→ EXERCISE OBJECTIVE:
Entries follow. Give back exactly the lines starting at the one containing "Aplikasi ini membolehkan" and ending at the one containing "調研期間,莊浪職業(yè)教", and no other lines.

→ THE DATA:
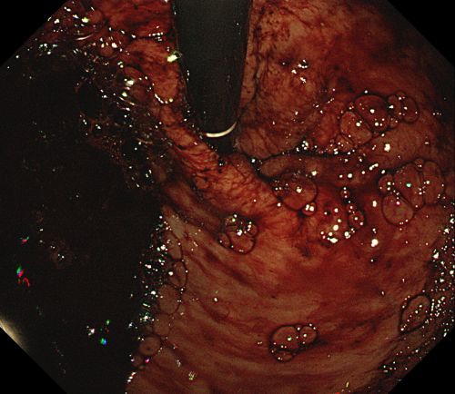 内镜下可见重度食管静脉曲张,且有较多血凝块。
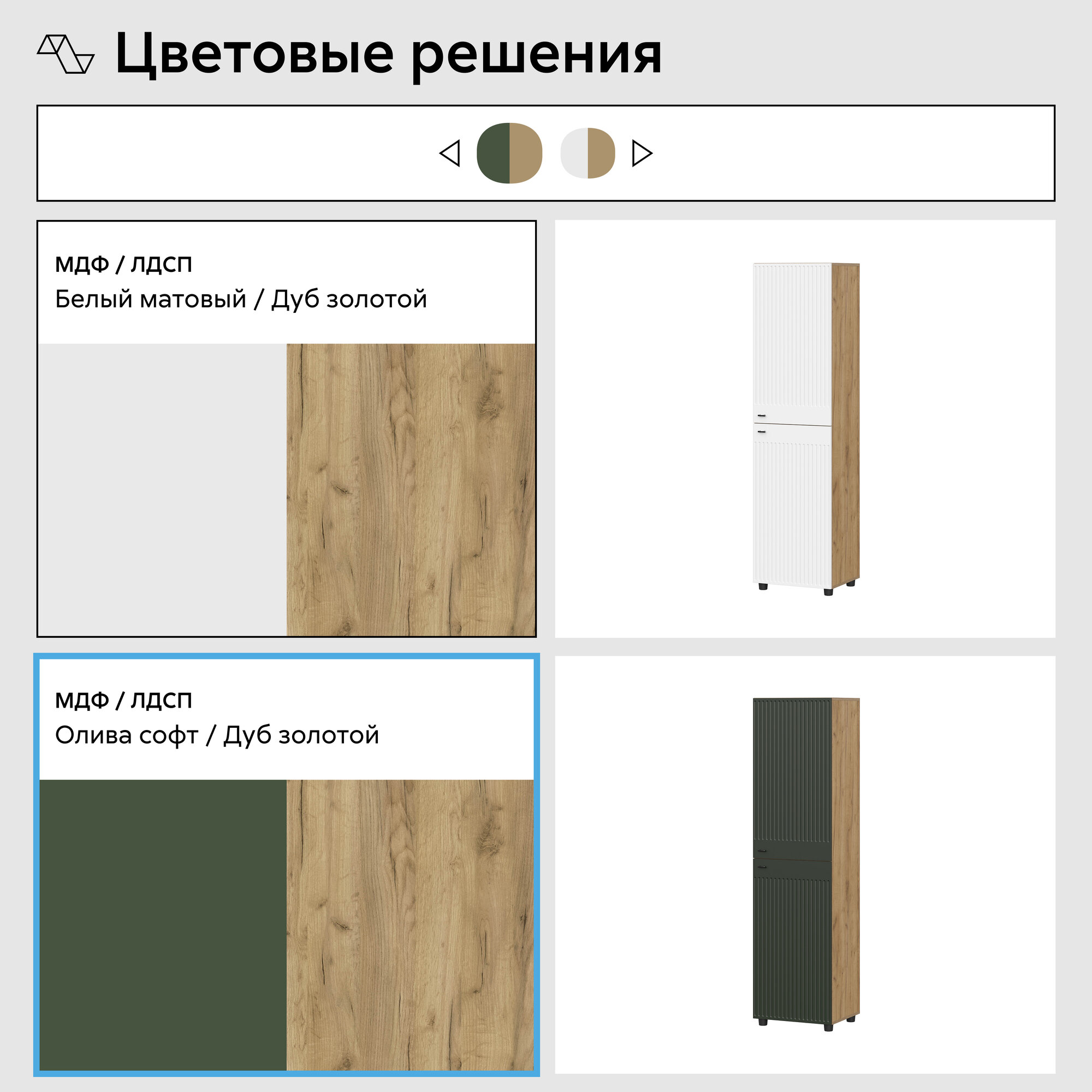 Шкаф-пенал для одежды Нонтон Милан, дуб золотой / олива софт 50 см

* * *

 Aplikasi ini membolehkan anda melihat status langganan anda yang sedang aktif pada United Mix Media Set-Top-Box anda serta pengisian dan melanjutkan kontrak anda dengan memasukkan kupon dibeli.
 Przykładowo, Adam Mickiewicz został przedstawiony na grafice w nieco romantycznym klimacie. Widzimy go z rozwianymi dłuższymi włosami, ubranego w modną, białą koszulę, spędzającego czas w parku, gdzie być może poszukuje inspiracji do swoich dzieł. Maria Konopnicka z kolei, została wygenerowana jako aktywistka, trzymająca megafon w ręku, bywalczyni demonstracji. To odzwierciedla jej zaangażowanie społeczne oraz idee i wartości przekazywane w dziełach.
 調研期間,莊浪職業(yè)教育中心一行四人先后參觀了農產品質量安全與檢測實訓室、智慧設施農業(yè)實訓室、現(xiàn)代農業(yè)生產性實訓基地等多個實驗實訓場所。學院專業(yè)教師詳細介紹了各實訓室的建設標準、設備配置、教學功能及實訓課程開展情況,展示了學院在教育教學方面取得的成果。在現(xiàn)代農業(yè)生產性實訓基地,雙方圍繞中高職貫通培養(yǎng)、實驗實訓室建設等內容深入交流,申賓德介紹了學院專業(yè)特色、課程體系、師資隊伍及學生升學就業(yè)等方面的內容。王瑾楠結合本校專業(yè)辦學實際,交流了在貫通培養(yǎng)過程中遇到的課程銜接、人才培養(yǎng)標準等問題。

--

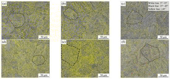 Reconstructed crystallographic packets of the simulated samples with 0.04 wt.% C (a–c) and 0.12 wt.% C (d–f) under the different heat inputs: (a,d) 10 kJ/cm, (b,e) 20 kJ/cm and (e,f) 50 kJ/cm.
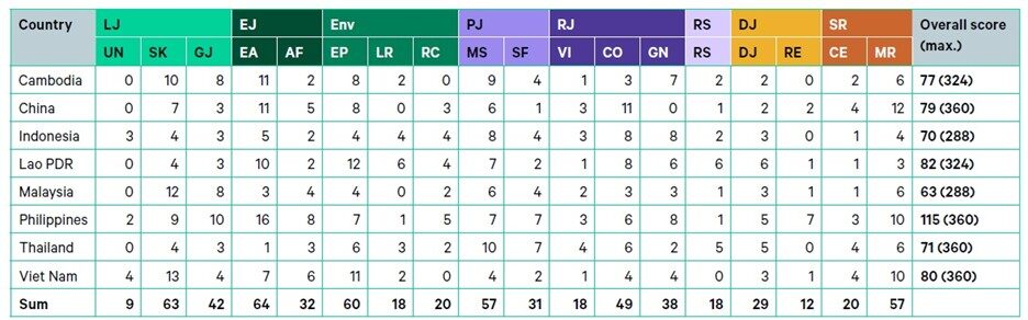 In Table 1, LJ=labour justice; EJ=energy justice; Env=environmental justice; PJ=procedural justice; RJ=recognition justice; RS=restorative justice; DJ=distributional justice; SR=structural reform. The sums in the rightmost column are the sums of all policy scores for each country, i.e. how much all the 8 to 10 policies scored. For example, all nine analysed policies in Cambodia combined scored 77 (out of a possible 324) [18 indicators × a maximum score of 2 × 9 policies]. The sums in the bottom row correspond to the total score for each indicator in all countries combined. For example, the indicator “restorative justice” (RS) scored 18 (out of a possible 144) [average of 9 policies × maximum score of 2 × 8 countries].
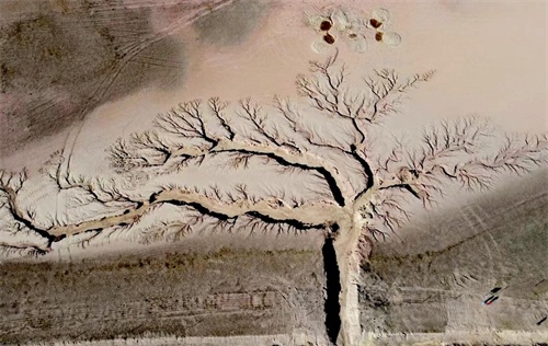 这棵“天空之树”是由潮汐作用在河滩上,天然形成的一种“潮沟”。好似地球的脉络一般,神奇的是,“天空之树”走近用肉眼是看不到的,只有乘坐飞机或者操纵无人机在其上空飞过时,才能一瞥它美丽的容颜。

→ SOLUTION FOR THIS TASK:
 Aplikasi ini membolehkan anda melihat status langganan anda yang sedang aktif pada United Mix Media Set-Top-Box anda serta pengisian dan melanjutkan kontrak anda dengan memasukkan kupon dibeli.
 Przykładowo, Adam Mickiewicz został przedstawiony na grafice w nieco romantycznym klimacie. Widzimy go z rozwianymi dłuższymi włosami, ubranego w modną, białą koszulę, spędzającego czas w parku, gdzie być może poszukuje inspiracji do swoich dzieł. Maria Konopnicka z kolei, została wygenerowana jako aktywistka, trzymająca megafon w ręku, bywalczyni demonstracji. To odzwierciedla jej zaangażowanie społeczne oraz idee i wartości przekazywane w dziełach.
 調研期間,莊浪職業(yè)教育中心一行四人先后參觀了農產品質量安全與檢測實訓室、智慧設施農業(yè)實訓室、現(xiàn)代農業(yè)生產性實訓基地等多個實驗實訓場所。學院專業(yè)教師詳細介紹了各實訓室的建設標準、設備配置、教學功能及實訓課程開展情況,展示了學院在教育教學方面取得的成果。在現(xiàn)代農業(yè)生產性實訓基地,雙方圍繞中高職貫通培養(yǎng)、實驗實訓室建設等內容深入交流,申賓德介紹了學院專業(yè)特色、課程體系、師資隊伍及學生升學就業(yè)等方面的內容。王瑾楠結合本校專業(yè)辦學實際,交流了在貫通培養(yǎng)過程中遇到的課程銜接、人才培養(yǎng)標準等問題。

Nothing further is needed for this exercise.